What is the use of NER-named entity recognition, specifically?

I have searched that question on the internet, and all I got were vague answers. I still don’t understand why this task is necessary. We classify each word in the text, then what?

I am happy to hear your answer.

Thank you all.

1 Like

Hi @20020069_Le_Thai_S_n

What do mean by saying “specifically”?

Named Entity Recognition is important linguistic category

“Named Entity” is often used for anything that can be referred to with a name: a person, a location, an organization. Parts of speech (POS) historically were used to study language and are generally assigned to individual words, a proper name is often an entire phrase, like the name “New York”.

POS and named entities are useful clues to sentence structure and meaning. For example, knowing whether a word is a noun or a verb tells us about likely neighboring words. Knowing if a named entity like Washington is a name of a person, a place, or a car is important to many natural language processing tasks like question answering, or information extraction.

One concrete use that I had in my work is detecting car brands and models in a string.
For example, one very specific example:
“BMW X3 sDrive2.8 …” - which part is brand name, which part is model, which part is engine etc. This string can appear in many forms like “x3 Bayerische Motoren Werke”, “BMW Series X3 F25; 2010” and many more. Knowing which part is what is your use case for further downstream tasks (like insurance premium calculation).

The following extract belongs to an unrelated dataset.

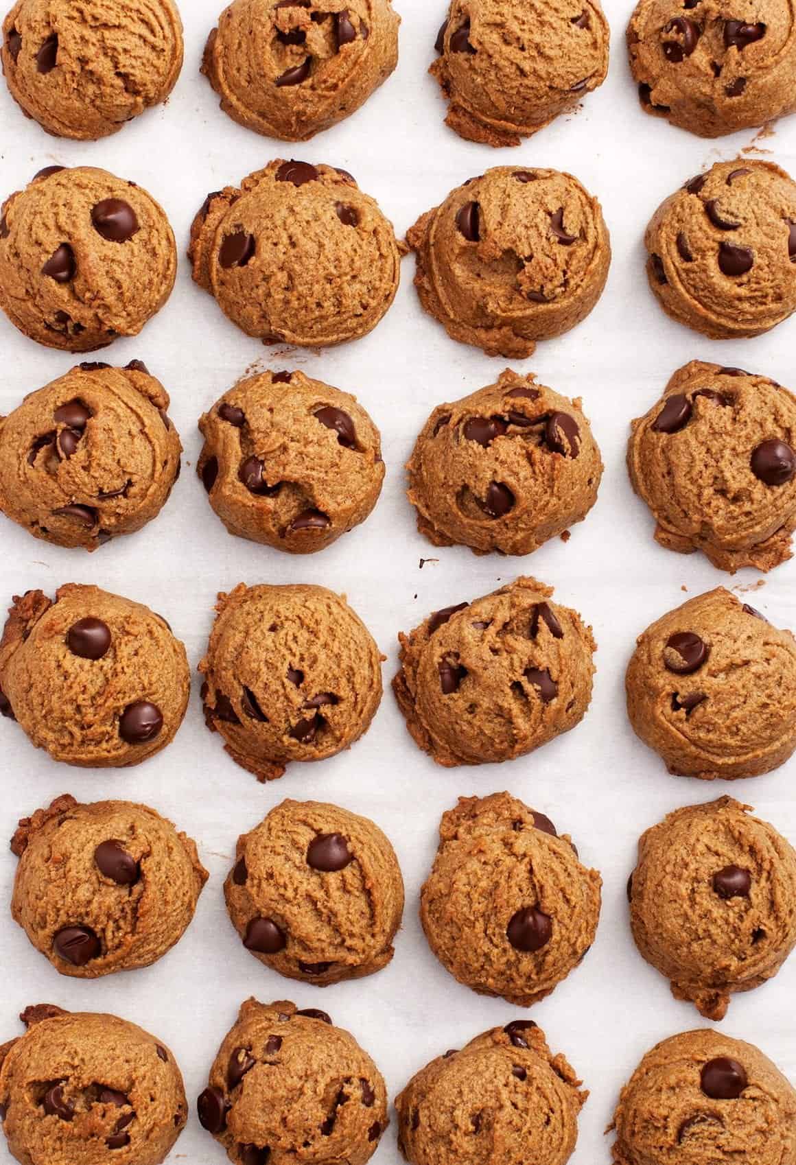 Make these vegan by using vegan chocolate chips and omitting the eggs. Kathryne notes that egg free cookies will be lighter and have a more meringue-like texture that's slightly gritty.

Thank you for your previous answer, my deer arvyzukai.
NER extracts information; yes, everyone says that. And I wonder, what is that information used for? What are the downstream tasks? QA, grammar checks, and logging into databases are all I can think about. Do chatbots benefit from it too? Can you provide some more examples?

More concretely, why do you need to know the model part and engine part of "BMW X3 sDrive2.8?

Thank you.

Hi, @20020069_Le_Thai_S_n

In my case, the model is a feature (a risk factor, among with others).

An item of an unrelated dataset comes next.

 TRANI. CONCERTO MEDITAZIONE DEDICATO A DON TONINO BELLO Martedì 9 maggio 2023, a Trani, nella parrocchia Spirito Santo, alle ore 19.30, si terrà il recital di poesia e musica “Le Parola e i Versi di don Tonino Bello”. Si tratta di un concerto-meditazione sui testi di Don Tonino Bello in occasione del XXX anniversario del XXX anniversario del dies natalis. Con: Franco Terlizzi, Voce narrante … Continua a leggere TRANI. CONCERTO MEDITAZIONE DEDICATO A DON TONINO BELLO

For example, you can imagine that you are the insurer and two people come to you for insurance. One has Ford Mustang (sportier version) valued at $30 000 and the other has Ford Galaxy (mini van) also valued at $30 000. You would probably find the sportier car more risky to insure and you would ask a bigger insurance fee because of that. Of course, age and other factors matter but if you have a string that includes the model, you would probably account for it.

Your calculation could be:

  • price = value_coef * value + model_coef * value

    • fee_1 = 0.01 * 30000 + 0.02 * 30000 = $900
    • fee_2 = 0.01 * 30000 + 0.005 * 30000 = $450

That’s an overly simple downstream task for illustration.

Same would thing for engine - bigger engine tends to mean riskier client.